Alastair took his time about returning to his platoon. At this time of the morning they were doing P.T. It was the one part of the routine he really hated. He lurked behind the cookhouse until his watch told him that they would have finished. When he reported back the platoon were putting on their jackets, panting and sticky. He fell in and marched with them to the dining-hut, where it was stuffy and fairly warm, to hear a lecture on hygiene from the medical officer. It dealt with the danger of flies; the medical officer described with appalling detail the journey of the fly from the latrine to the sugar basin; how its hairy feet carried the germs of dysentery; how it softened its food with contaminated saliva before it ate; how it excreted while it fed. This lecture always went down well. “Of course,” he added rather lamely, “this may not seem very important at the moment” — snow lay heavy on every side of them — “but if we go to the East…”

When the lecture was finished the company fell out for twenty minutes; they smoked and ate chocolate and exchanged gossip; qualifying every noun, verb or adjective with the single, unvarying obscenity which punctuated all their speech like a hiccup; they stamped their feet and chafed their hands.

“What did the––company commander want?”

“He wanted to send me to a––O.C.T.U.,” said Alastair.

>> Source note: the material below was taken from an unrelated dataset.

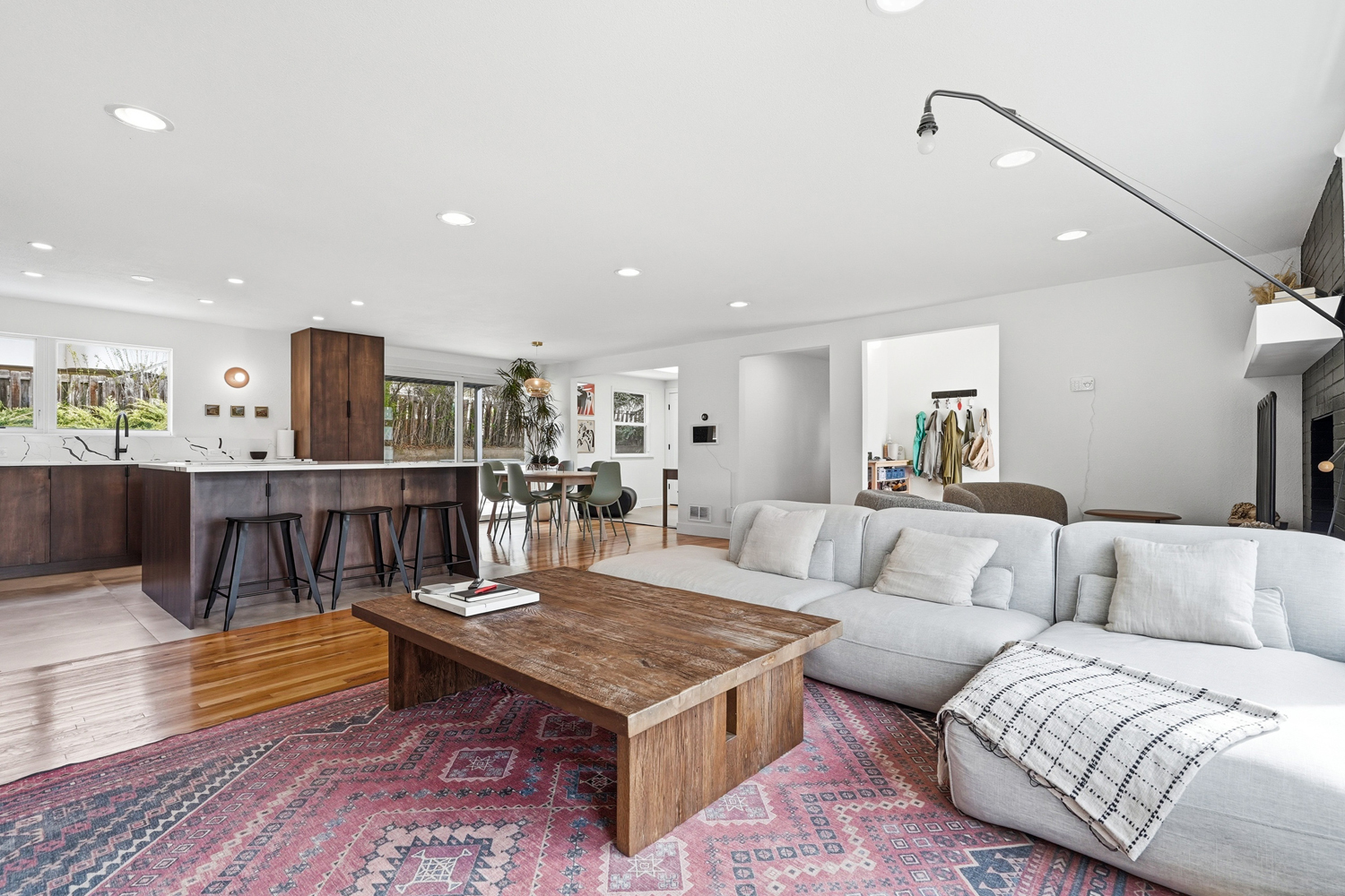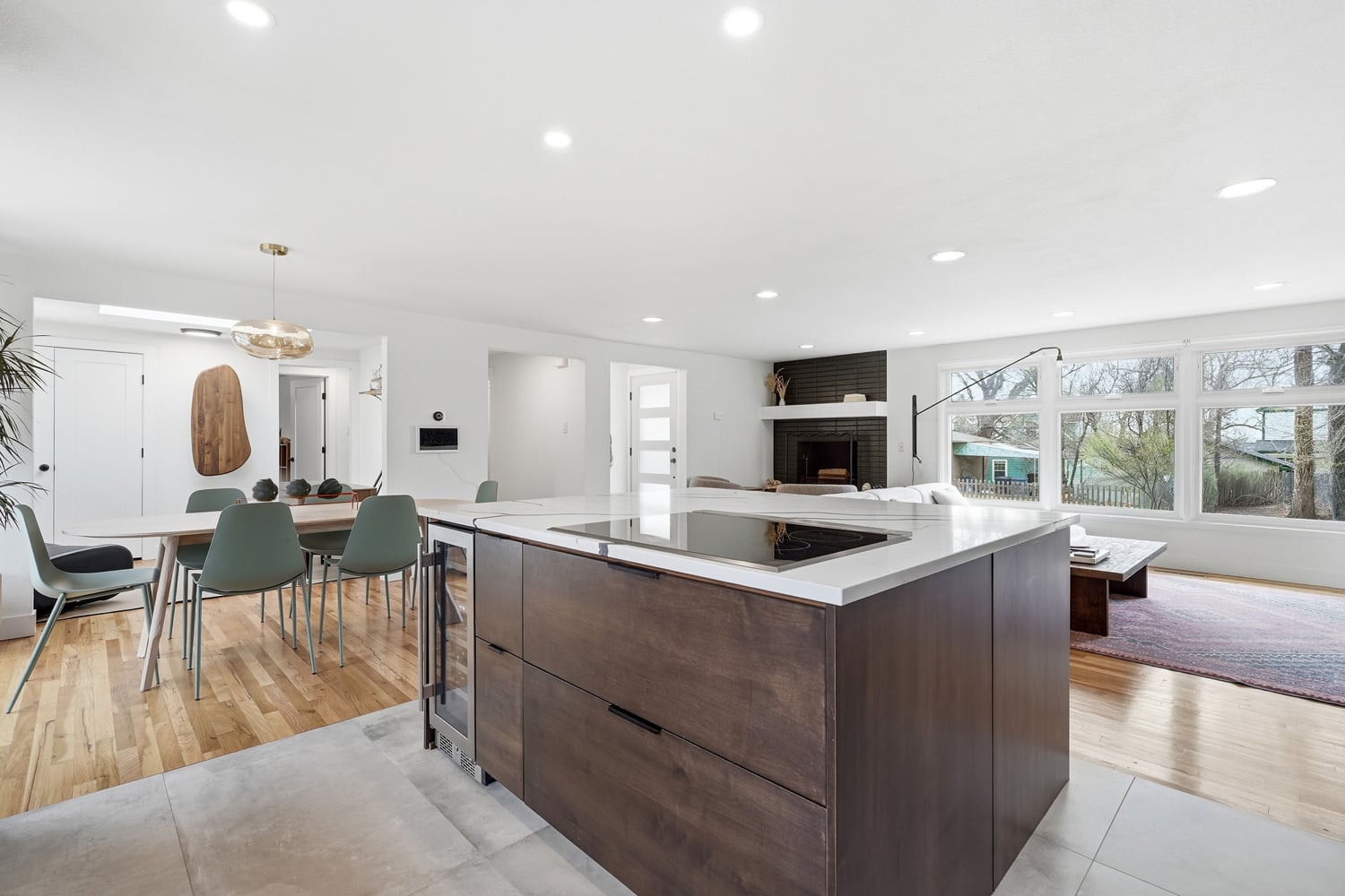 Open-concept layout connecting to living and dining areas

“Well some––are––lucky. When are you off?”

“I’m staying here.”

“Don’t you want to be a––officer?”

“Not––likely,” said Alastair.

When people asked Alastair, as they quite often did, why he did not put in for a commission, he sometimes said, “Snobbery. I don’t want to meet the officers on social terms”; sometimes he said, “Laziness. They work too hard in wartime”; sometimes he said, “The whole thing’s so crazy one might as well go the whole hog.” To Sonia he said, “We’ve had a pretty easy life up to now. It’s probably quite good for one to have a change sometimes.” That was the nearest he ever came to expressing the nebulous satisfaction which lay at the back of his mind. Sonia understood it, but left it undefined. Once, much later, she said to Basil, “I believe I know what Alastair felt all that first winter of the war. It sounds awfully unlike him, but he was a much odder character than anyone knew. You remember that man who used to dress as an Arab and then went into the Air Force as a private because the thought the British Government had let the Arabs down? I forget his name but there were lots of books about him…. Well, I believe Alastair felt like that. You see he’d never done anything for the country and though we were always broke we had lots of money really and lots of fun. I believe he thought that perhaps if we hadn’t had so much fun perhaps there wouldn’t have been any war. Though how he could blame himself for Hitler I never quite saw…At least I do now in a way,” she added. “He went into the ranks as a kind of penance or whatever it’s called, that religious people are always supposed to do.”